Shares of Teva Pharmaceutical Industries Ltd. surged on Sunday in Tel Aviv after the drugmaker said on Friday that the US Food and Drug Administration has approved its new treatment for migraines, seen as key to help the troubled drug maker reverse its fortunes.
The approval is seen as a boost to Teva, which hopes the new injection for the preventative treatment of migraine in adults, called Ajovy, will be an alternative source of revenues as it faces stiff competition and a decline in sales for its top selling flagship Copaxone drug for the treatment of multiple sclerosis.
The company’s share price has been battered for most of the past three years, according to data compiled by Reuters, as Teva has struggled to develop new branded drugs along the lines of Copaxone, and as it works to repay debt stemming from its $40 billion acquisition of Actavis Generics, the generics arm of rival Allergan in 2016. Since the acquisition, the generic drugs market has suffered from increased competition and lower prices.
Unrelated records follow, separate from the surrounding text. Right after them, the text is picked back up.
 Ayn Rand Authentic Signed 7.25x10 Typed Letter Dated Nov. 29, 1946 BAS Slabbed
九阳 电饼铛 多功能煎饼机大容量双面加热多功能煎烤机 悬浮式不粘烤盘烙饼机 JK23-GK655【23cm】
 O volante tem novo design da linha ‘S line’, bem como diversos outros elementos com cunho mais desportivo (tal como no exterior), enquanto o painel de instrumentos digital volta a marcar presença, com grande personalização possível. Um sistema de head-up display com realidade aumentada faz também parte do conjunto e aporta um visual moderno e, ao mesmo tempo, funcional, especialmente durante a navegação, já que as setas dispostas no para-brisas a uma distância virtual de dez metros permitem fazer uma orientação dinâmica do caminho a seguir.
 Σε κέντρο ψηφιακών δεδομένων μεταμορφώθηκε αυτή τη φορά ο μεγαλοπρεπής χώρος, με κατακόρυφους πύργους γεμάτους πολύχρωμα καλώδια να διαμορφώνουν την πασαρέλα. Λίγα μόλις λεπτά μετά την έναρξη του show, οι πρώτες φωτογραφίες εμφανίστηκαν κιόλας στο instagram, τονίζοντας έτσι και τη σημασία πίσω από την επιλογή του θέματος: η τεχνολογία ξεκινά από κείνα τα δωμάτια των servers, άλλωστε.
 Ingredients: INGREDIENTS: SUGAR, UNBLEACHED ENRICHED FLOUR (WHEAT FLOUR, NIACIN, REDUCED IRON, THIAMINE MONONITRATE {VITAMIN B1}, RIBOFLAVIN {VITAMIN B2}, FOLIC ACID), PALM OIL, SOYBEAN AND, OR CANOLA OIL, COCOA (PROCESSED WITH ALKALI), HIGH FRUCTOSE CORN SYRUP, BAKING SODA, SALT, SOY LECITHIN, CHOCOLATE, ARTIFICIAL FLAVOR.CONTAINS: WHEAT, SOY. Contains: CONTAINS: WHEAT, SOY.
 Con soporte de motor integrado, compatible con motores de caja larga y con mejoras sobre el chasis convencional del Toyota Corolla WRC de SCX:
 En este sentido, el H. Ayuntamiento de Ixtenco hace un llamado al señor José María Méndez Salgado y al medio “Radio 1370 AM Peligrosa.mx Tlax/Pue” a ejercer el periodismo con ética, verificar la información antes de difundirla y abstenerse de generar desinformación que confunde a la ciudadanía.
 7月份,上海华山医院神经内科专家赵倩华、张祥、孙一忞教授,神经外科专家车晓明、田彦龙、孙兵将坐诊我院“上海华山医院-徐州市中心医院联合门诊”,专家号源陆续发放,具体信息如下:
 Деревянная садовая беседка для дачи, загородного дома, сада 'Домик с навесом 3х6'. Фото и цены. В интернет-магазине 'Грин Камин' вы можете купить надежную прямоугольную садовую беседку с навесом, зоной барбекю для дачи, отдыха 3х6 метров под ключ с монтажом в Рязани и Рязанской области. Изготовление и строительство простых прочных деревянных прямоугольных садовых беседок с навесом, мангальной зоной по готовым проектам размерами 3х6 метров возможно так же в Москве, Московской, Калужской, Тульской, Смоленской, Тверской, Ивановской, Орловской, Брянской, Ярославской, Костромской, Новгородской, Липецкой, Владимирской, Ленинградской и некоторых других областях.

To cut debt, Kåre Schultz, the new president and CEO of Teva, has set out a plan to cut jobs, and close and sell factories. The program has led to a rise in Teva’s share price in the past 12 months.
On Sunday, Teva’s shares surged 7.91% at 10 a.m. in Tel Aviv, bringing the 12-month share price rise to 25%.
Ajovy is a biological drug that uses a humanized monoclonal antibody to block the calcitonin gene-related peptide (CGRP), a protein that is believed to play a role in migraines. The medication is the first and only anti-CGRP treatment for the prevention of migraine with both quarterly (675 mg) and monthly (225 mg) dosing options, Teva said.
The drug was developed by California-based Labrys Biologics Inc, a privately held biotechnology company that Teva decided to acquire in 2014.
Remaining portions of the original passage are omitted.